Killer ice cream man sentenced to life in prison

Michael Keetley will spend the rest of his life behind bars. 

Tampa Judge Christopher Sabella made that decision on Friday morning handing down a life sentence for all six counts Keetley was convicted on. 

"Mr. Keetley, you will, barring any reversal on appeal, spend the rest of your natural life in the Florida Department of corrections," said Sabella.

Keetley is a former ice cream man who was convicted of two counts of first-degree murder and four counts of attempted murder in the shootings of six men playing cards on a front porch in Ruskin on Thanksgiving Day 2010.

Juan and Sergio Guitron, who were bothers, were the men killed in the shooting on that day. 

Eleven months before the shooting rampage, Keetley, who was an ice cream man at the time, was robbed and shot while on his route. Prosecutors say Keetley was out for revenge the morning of the shooting. 

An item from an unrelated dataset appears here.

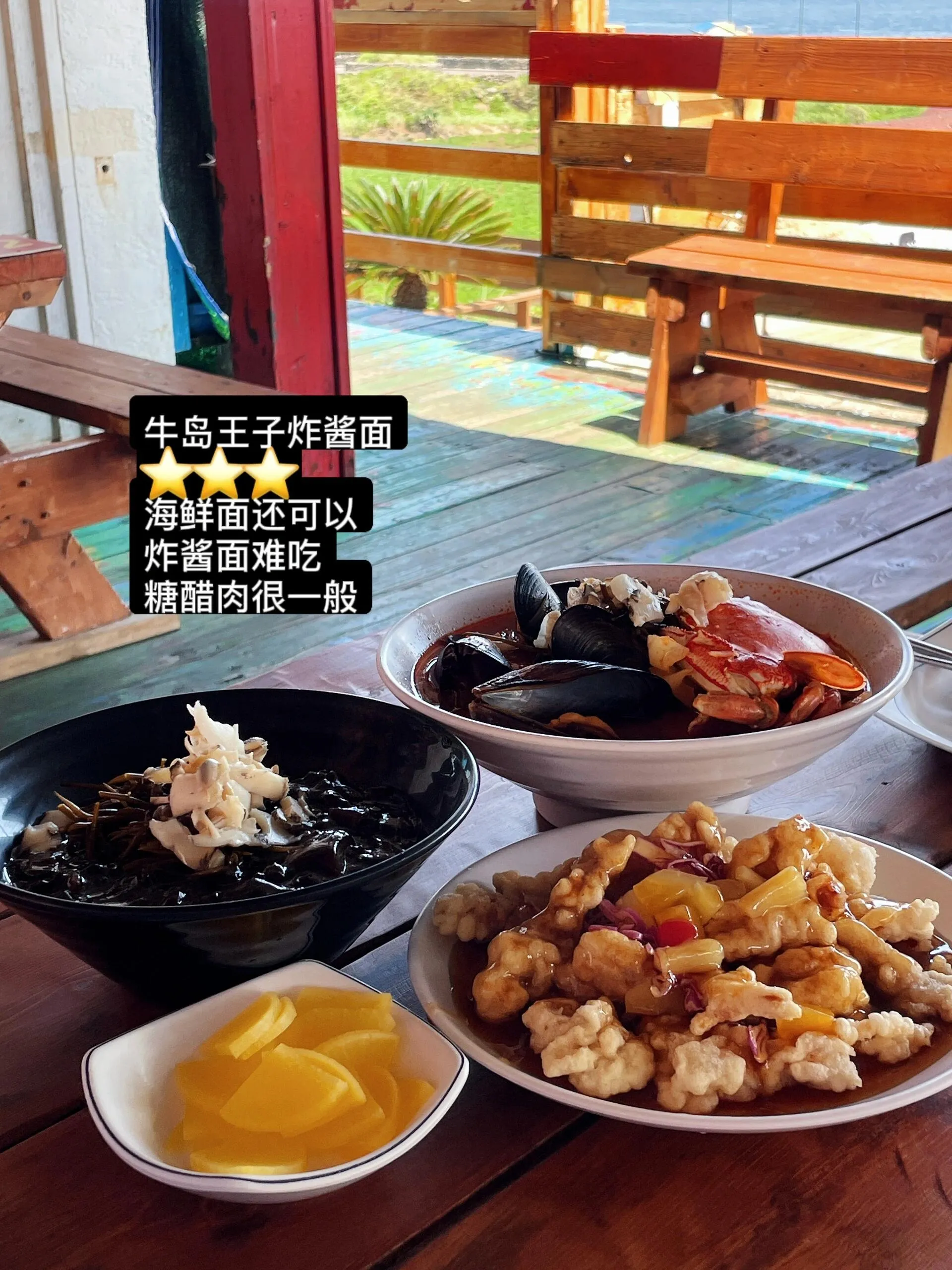 海鲜面值得一试,但炸酱面和糖醋肉表现平平。

The surviving victims remember the shooter dressed as a law enforcement officer, with a long gun, and asking for a man named "Creeper." Prosecutors say Keetley, who had been robbed and shot during his ice cream route was convinced "Creeper" was somehow involved after asking around the neighborhood.  

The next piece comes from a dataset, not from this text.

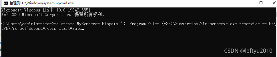 2.第二种把subversion的服务添加到windows服务,作为开机自动启动的服务,同样可以通过cmd命令来完成,命令如下:

Frustrated with the police investigation, they say Keetley decided to take deadly vigilante justice. 

Ten years later, Keetley went on trial for murder but the trial ended with a hung jury in February 2020. He was tried again in 2023 and after deliberating for 13 hours over three days a jury found him guilty on all counts. 

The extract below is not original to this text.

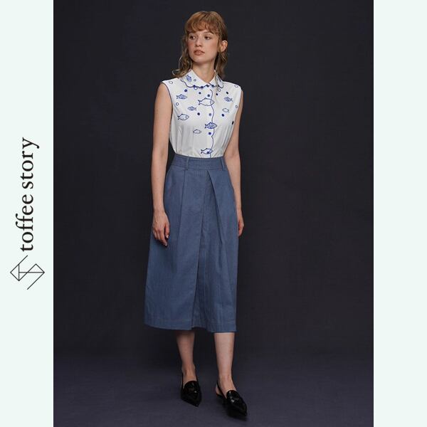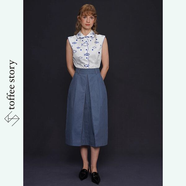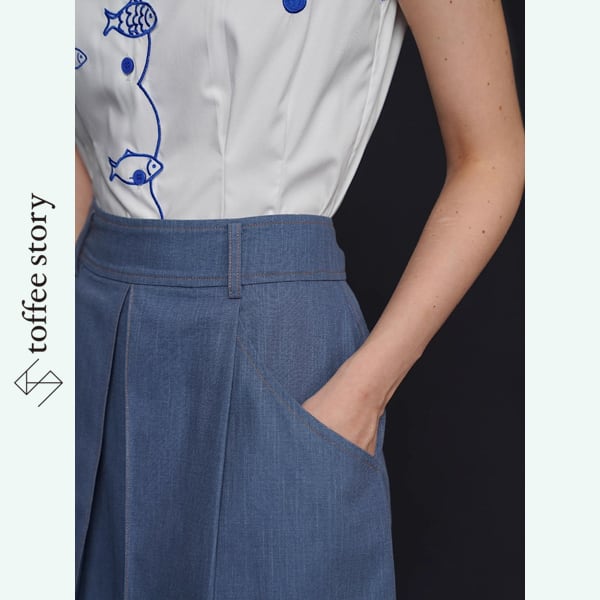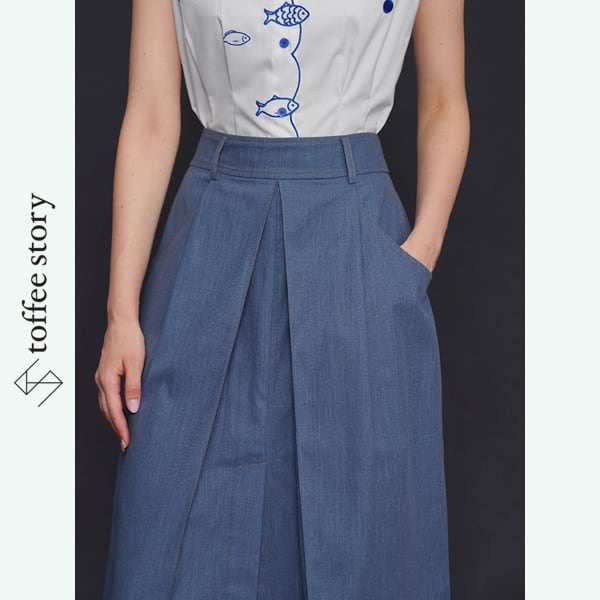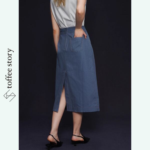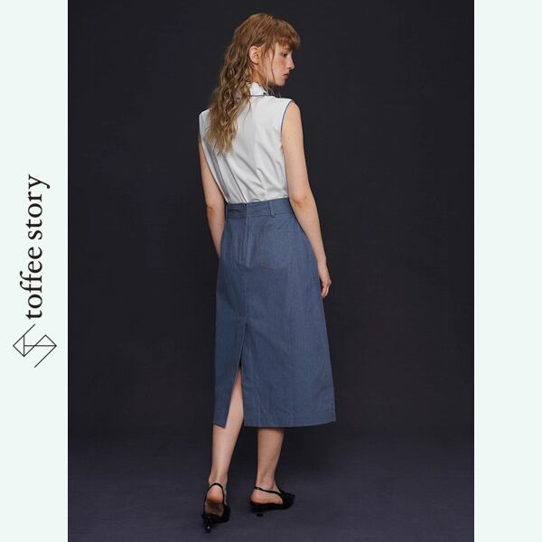 深みのあるブルーが魅力のデニムロングスカート。上品なタックデザインとバックスリットが、歩くたびにしなやかな動きを生み出します。シンプルながらも立体感のあるシルエットは、カジュアルにもきれいめにも合わせやすく大人の女性にぴったり。オールシーズン着回し可能で、同系色のトップスと合わせればセットアップ風のスタイルも楽しめます。ベーシックに少しの個性を添えた、日常に詩を紡ぐ一枚です。

During the sentencing Friday morning, the mother who lost her two sons, Paz Quezada, addressed Keetley directly. She wanted to know why he had murdered her sons. 

"You took half of my life away, you tore my heart out," said Quezada.

She told Keetley he robbed her of future memories with her sons and of being a grandmother someday.  Keetley showed no emotion during her testimony.

Later, one of the survivors of the rampage, Daniel Beltran, who took four bullets that day, told Keeley that he forgives him for what he did. Beltran also said he lives with the trauma of what happened every day.

"They can’t erase my memory. I remember exactly what happened. I never lost consciousness from the moment he pulled up to the moment I was taken in a helicopter to the hospital," explained Beltran. 

Before he was sentenced, the judge denied a defense motion for a new trial and acquittal. The judge said each life sentence carries a minimum mandatory of 25 years, which means Keetley will spend the rest of his life in prison. 

Keetley’s lawyers told the court this wasn’t over, they plan to appeal the conviction. He will have 30 days to appeal the decision.